Excerpts from a dataset:
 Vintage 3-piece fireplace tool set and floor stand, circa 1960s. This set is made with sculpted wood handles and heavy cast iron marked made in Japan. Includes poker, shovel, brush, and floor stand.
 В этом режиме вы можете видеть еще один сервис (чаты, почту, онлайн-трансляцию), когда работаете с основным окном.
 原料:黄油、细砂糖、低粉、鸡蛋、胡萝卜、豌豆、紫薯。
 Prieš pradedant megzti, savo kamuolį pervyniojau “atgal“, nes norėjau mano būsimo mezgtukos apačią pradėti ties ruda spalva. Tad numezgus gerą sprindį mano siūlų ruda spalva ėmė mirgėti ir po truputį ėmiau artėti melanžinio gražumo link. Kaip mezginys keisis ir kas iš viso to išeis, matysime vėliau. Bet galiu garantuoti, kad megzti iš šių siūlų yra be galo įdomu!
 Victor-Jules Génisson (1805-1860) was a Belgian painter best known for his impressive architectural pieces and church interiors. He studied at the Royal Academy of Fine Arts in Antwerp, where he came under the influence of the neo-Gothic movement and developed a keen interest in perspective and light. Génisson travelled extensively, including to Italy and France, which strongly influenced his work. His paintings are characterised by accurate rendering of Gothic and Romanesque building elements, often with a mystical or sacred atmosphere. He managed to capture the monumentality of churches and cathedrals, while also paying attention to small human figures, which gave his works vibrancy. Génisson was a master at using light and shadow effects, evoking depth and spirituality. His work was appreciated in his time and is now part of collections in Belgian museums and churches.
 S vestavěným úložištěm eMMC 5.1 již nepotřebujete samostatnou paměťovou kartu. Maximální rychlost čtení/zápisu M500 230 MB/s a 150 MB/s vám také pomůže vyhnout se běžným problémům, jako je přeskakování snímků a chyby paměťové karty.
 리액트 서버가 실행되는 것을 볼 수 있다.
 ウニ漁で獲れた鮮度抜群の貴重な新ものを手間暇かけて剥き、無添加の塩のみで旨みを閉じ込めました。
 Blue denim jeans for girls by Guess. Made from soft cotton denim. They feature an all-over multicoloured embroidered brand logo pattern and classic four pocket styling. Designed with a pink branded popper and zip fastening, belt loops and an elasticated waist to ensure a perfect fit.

● Brief: For this exercise, repeat exactly the lines of the data above from the one with "В этом режиме" down to the one with "原料:黄油、细砂糖、低粉、鸡蛋、胡萝卜、豌豆、紫薯。", both end lines included.

● Exercise solution:
 В этом режиме вы можете видеть еще один сервис (чаты, почту, онлайн-трансляцию), когда работаете с основным окном.
 原料:黄油、细砂糖、低粉、鸡蛋、胡萝卜、豌豆、紫薯。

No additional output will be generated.